8.4.2 Start up the target system (~1 min)

🏁 For Artifact Evaluation: you should skip this step as the step 8.4.1 already started the system instances.

If you want to detect unknown failures in the deployed system, you can start the system as usual. If previous modifications to startup scripts are good, the system instance should work.

For example, to start zookeeper:

cp conf/zoo_sample.cfg conf/zoo.cfg
bin/zkServer.sh start
8.4.3 Check results (~1 min)

The checking result will be printed to stdout (or redirected to logs depending on target system's log configuration, for example, zookeeper saves output to zookeeper/logs/zookeeper-*.out). If some invariant fails and report, the log would print failed invariants such as:

[...]ASSERT FAIL! #220
Invariant{template=oathkeeper.runtime.template.OpImplyOpTemplate, context=Context{left=OpTriggerEvent{opName='org.apache.zookeeper.server.SessionTrackerImpl.setSessionClosing(long)', system_timestamp=1648416409404, logical_timestamp=2}, right=OpTriggerEvent{opName='org.apache.zookeeper.server.SessionTrackerImpl.removeSession(long)', system_timestamp=1648416409404, logical_timestamp=7}

Detailed Instructions

Please see the README_detailed.md for further instructions.

Known Issues

  • OKLib needs to compile and execute old versions of target systems. Such old versions, in some cases, depend on libraries that are already deprecated and no longer accesible, causing the target system not directly compilable. One workaround is to provide interface for users to manually add a patch to modify the project compilation configuration (such as pom.xml) of target system to disable certain modules that blocks compilation.

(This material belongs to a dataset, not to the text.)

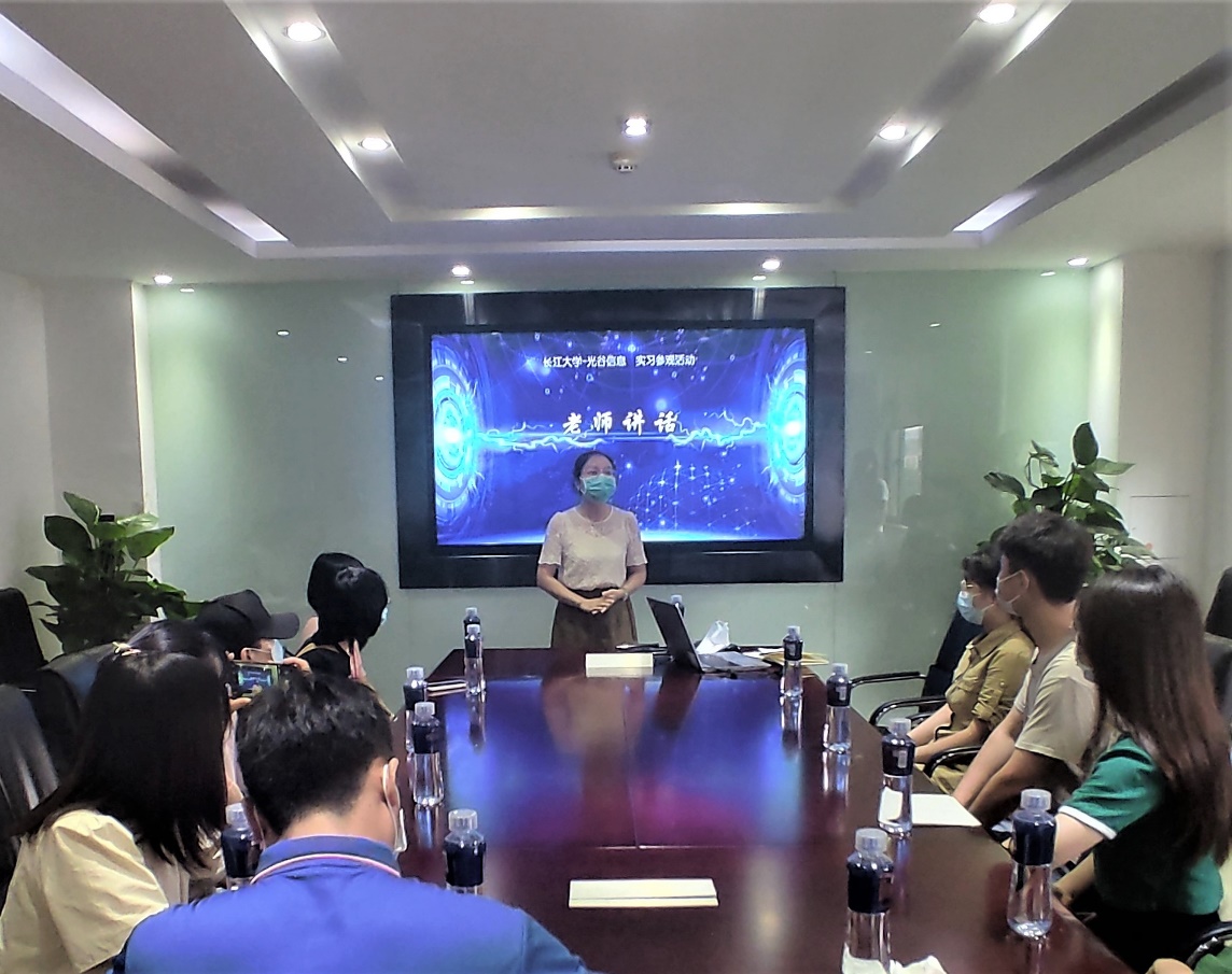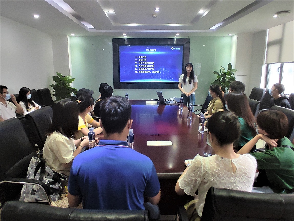 参观完整洁的办公环境,同学们一起来到了四楼会议室。郭霖老师首先对光谷信息提供的机会表示感谢,并为公司良好的企业氛围和办公环境点赞;她希望同学们借助今天这个机会,带着专业的疑问和对未来规划的思考用心地来进行交流。接着,她提出了同学们要实现三个转变:“第一是要实现从学校学习的知识到和实践相结合的转变,要能够理论联系实际;第二是要实现从员工到职业人的转变,尽快改变观念去适应工作;第三是要实现从一个普通公民到社会人的转变,承担起自己的社会责任。”她寄语:“同学们要把自己的命运和国家联系到一起,要立大志、长志,争取为学校、为行业、为祖国增光添彩。”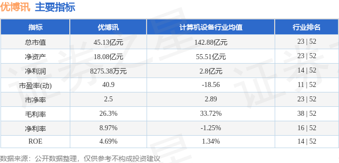 优博讯2023年三季报显示,公司主营收入9.21亿元,同比下降10.16%;归母净利润8275.38万元,同比下降38.04%;扣非净利润7221.23万元,同比下降25.19%;其中2023年第三季度,公司单季度主营收入3.12亿元,同比下降15.34%;单季度归母净利润3335.6万元,同比下降47.09%;单季度扣非净利润2844.09万元,同比下降33.1%;负债率28.5%,投资收益146.76万元,财务费用-2432.84万元,毛利率26.3%。优博讯(300531)主营业务:研发、生产、销售智能数据终端(PDA)、智能支付终端(智能POS)、专用打印机、智能自动化装备等IoT智能终端产品并提供相关的软件及云服务平台。

  • Rule inference and verification are memory-consuming process and could trigger a lot of GCs for if test execution trace is very long. We suggest using physical machines with larger memories.

Publication

Chang Lou, Yuzhuo Jing, and Peng Huang. Demystifying and Checking Silent Semantic Violations in Large Distributed Systems. To appear in Proceedings of the 16th USENIX Symposium on Operating Systems Design and Implementation (OSDI '22), Carlsbad, CA, USA, July 2022.

Acknowledgement

We very appreciate the reviewers of OSDI'22 Artifact Evaluation try out this tool and provide useful feedbacks.

Footnotes

  1. previously known as Oathkeeper. The name was inspired by popular novel "A Song of Ice and Fire". We have renamed it to avoid potential political ambiguity.